● THE TASK
No pictures go into the copy. Write out every line below exactly.

^^^^^^^^^^^^^^^^

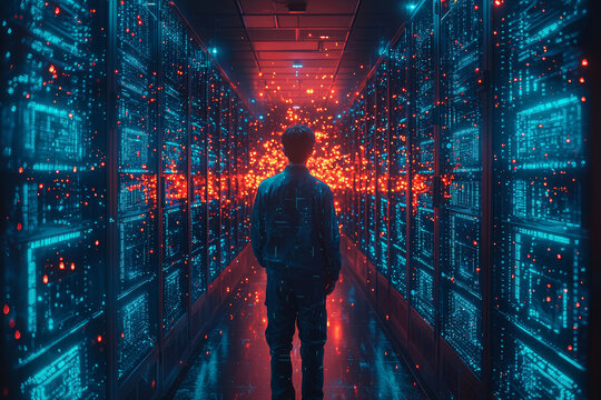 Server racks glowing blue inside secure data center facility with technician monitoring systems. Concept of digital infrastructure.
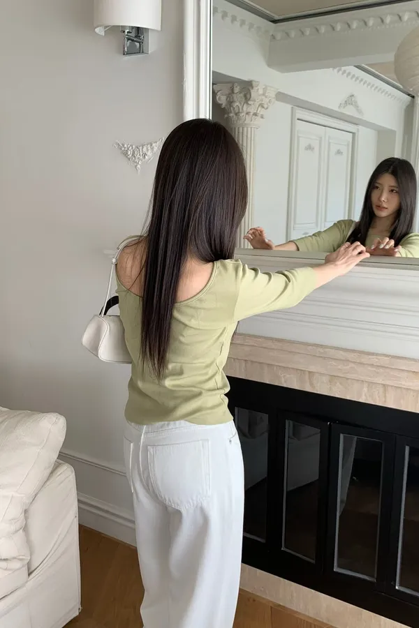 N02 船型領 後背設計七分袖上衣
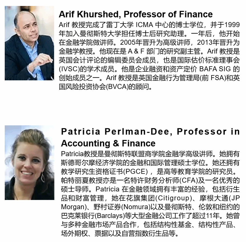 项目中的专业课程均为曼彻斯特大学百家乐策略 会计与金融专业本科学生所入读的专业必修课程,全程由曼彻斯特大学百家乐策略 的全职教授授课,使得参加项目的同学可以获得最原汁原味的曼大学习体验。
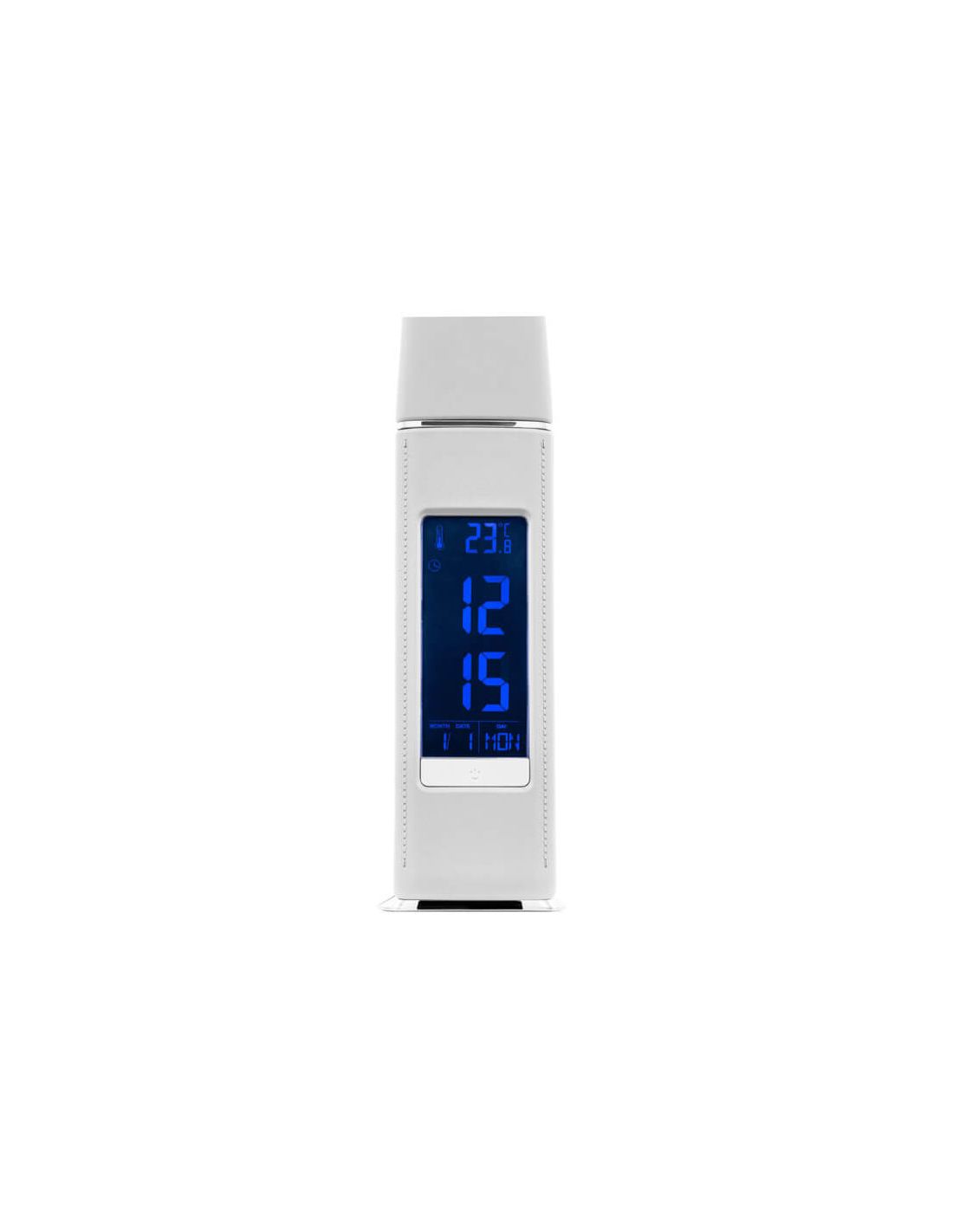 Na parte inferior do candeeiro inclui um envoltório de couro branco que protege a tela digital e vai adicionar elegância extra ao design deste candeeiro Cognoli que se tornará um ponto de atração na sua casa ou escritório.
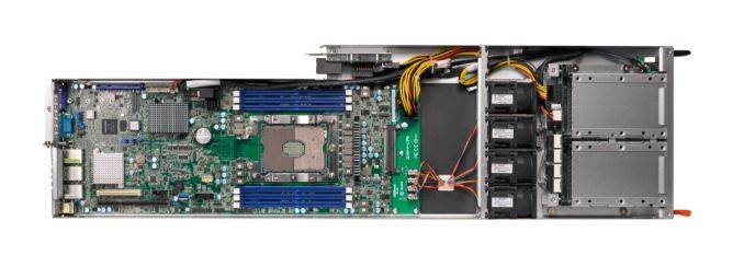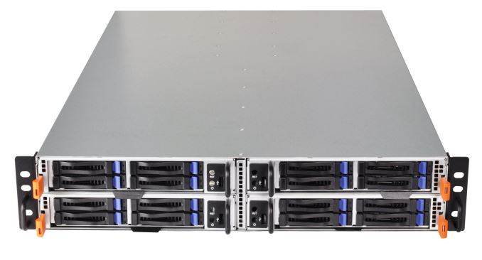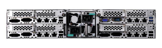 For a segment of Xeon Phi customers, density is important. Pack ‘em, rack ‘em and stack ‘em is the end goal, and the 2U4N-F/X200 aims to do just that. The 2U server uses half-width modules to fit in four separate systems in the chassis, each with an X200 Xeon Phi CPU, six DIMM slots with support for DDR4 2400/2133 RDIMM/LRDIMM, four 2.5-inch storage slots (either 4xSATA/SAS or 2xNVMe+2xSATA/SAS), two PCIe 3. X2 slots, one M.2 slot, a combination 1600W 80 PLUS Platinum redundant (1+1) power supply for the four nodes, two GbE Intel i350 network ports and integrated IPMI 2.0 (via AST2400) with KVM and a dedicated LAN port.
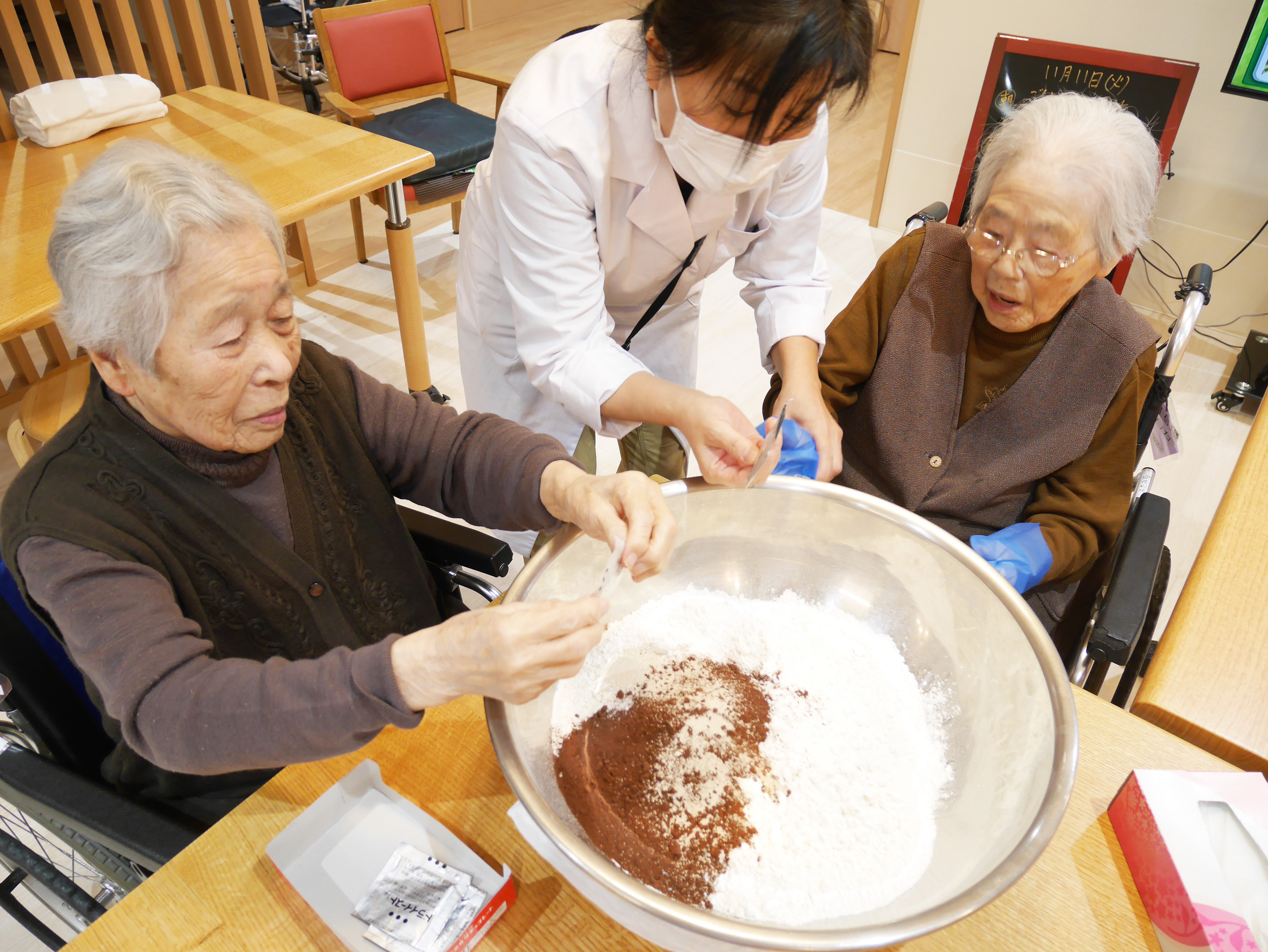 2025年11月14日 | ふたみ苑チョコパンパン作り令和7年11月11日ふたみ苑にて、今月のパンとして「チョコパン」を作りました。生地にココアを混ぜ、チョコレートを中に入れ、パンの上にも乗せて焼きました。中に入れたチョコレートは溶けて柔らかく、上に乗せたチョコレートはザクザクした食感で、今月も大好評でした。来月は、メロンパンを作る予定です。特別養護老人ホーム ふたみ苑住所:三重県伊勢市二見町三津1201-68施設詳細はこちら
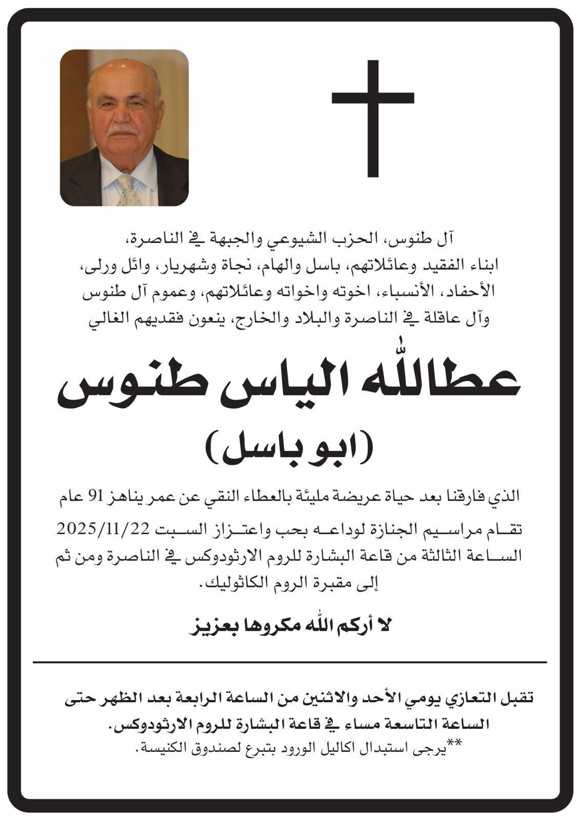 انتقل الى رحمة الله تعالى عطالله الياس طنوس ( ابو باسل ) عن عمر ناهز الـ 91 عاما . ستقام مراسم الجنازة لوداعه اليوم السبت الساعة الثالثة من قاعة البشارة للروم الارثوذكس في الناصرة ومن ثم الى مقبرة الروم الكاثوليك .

^^^^^^^^^^^^^^^^

● RESULT OF THE TASK
 Server racks glowing blue inside secure data center facility with technician monitoring systems. Concept of digital infrastructure.
 N02 船型領 後背設計七分袖上衣
 项目中的专业课程均为曼彻斯特大学百家乐策略 会计与金融专业本科学生所入读的专业必修课程,全程由曼彻斯特大学百家乐策略 的全职教授授课,使得参加项目的同学可以获得最原汁原味的曼大学习体验。
 Na parte inferior do candeeiro inclui um envoltório de couro branco que protege a tela digital e vai adicionar elegância extra ao design deste candeeiro Cognoli que se tornará um ponto de atração na sua casa ou escritório.
 For a segment of Xeon Phi customers, density is important. Pack ‘em, rack ‘em and stack ‘em is the end goal, and the 2U4N-F/X200 aims to do just that. The 2U server uses half-width modules to fit in four separate systems in the chassis, each with an X200 Xeon Phi CPU, six DIMM slots with support for DDR4 2400/2133 RDIMM/LRDIMM, four 2.5-inch storage slots (either 4xSATA/SAS or 2xNVMe+2xSATA/SAS), two PCIe 3. X2 slots, one M.2 slot, a combination 1600W 80 PLUS Platinum redundant (1+1) power supply for the four nodes, two GbE Intel i350 network ports and integrated IPMI 2.0 (via AST2400) with KVM and a dedicated LAN port.
 2025年11月14日 | ふたみ苑チョコパンパン作り令和7年11月11日ふたみ苑にて、今月のパンとして「チョコパン」を作りました。生地にココアを混ぜ、チョコレートを中に入れ、パンの上にも乗せて焼きました。中に入れたチョコレートは溶けて柔らかく、上に乗せたチョコレートはザクザクした食感で、今月も大好評でした。来月は、メロンパンを作る予定です。特別養護老人ホーム ふたみ苑住所:三重県伊勢市二見町三津1201-68施設詳細はこちら
 انتقل الى رحمة الله تعالى عطالله الياس طنوس ( ابو باسل ) عن عمر ناهز الـ 91 عاما . ستقام مراسم الجنازة لوداعه اليوم السبت الساعة الثالثة من قاعة البشارة للروم الارثوذكس في الناصرة ومن ثم الى مقبرة الروم الكاثوليك .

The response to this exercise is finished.